Start of Block
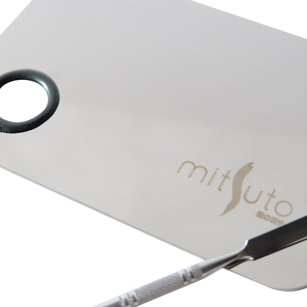 Sebuah aluminium palet set yang digunakan untuk mencampur dan memperoleh warna foundation yang diinginkan.
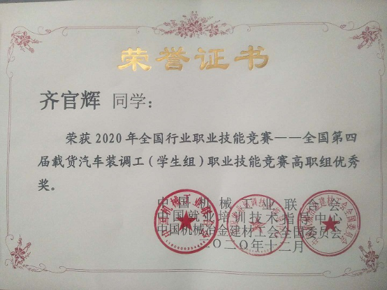 yl6809永利在全国第四届载货汽车装调工(员工组)职业技能竞赛中喜获佳绩,yl6809永利被授予“最佳组织奖”。公司2个参赛队在比赛中发挥出色,分别获得二等奖、优秀奖各1项,优秀指导教师奖1项。
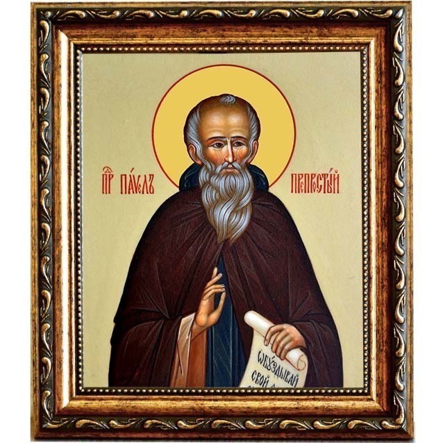 Преподобный Павел Препростый жил в IV веке. Препростым он назван за свое простосердечие и незлобие. Преподобный был женат, но, узнав о неверности супруги, оставил ее и удалился в пустыню к преподобному Антонию Великому (память 17 января). Павлу было уже 60 лет, и святой Антоний сперва не принял Павла, почтя его неспособным к тяжелой отшельнической жизни. Три дня стоял Павел у келлии подвижника, сказав, что скорее умрет, чем уйдет отсюда. Тогда преподобный Антоний поселил Павла к себе, долго испытывал его терпение и смирение тяжелым трудом, суровым постом, ночными бдениями, неустанным пением псалмов и земными поклонами. Наконец преподобный Антоний разрешил Павлу поселиться в отдельной келлии.
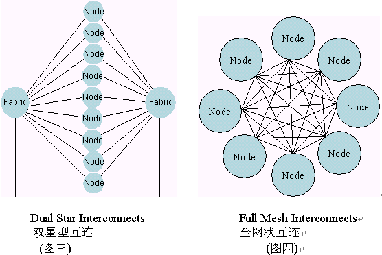 交換接口是ATCA機(jī)框中的主要數(shù)據(jù)傳輸接口。ATCA協(xié)議在每個(gè)板子上定義了多達(dá)15個(gè)通訊通路。這些通訊通路可以被配置成全網(wǎng)狀拓?fù)浣Y(jié)構(gòu)或雙星型拓?fù)浣Y(jié)構(gòu)。在雙星拓?fù)浣Y(jié)構(gòu)中每塊板同兩個(gè)不同的交換板都有通路。交換板在機(jī)框中扮演交換核心的角色。在全網(wǎng)狀拓?fù)浣Y(jié)構(gòu)中,每一個(gè)單板與其它任意單板都保持一個(gè)鏈接通路。下圖描繪了雙星型和全網(wǎng)狀結(jié)構(gòu)中的內(nèi)部互鏈的配置。
End of Block
* _Requirement_:
Up to and including the line containing "yl6809永利在全国第四届", repeat every line from the start of the data, but none of the pictures.

* _Result_:
 Sebuah aluminium palet set yang digunakan untuk mencampur dan memperoleh warna foundation yang diinginkan.
 yl6809永利在全国第四届载货汽车装调工(员工组)职业技能竞赛中喜获佳绩,yl6809永利被授予“最佳组织奖”。公司2个参赛队在比赛中发挥出色,分别获得二等奖、优秀奖各1项,优秀指导教师奖1项。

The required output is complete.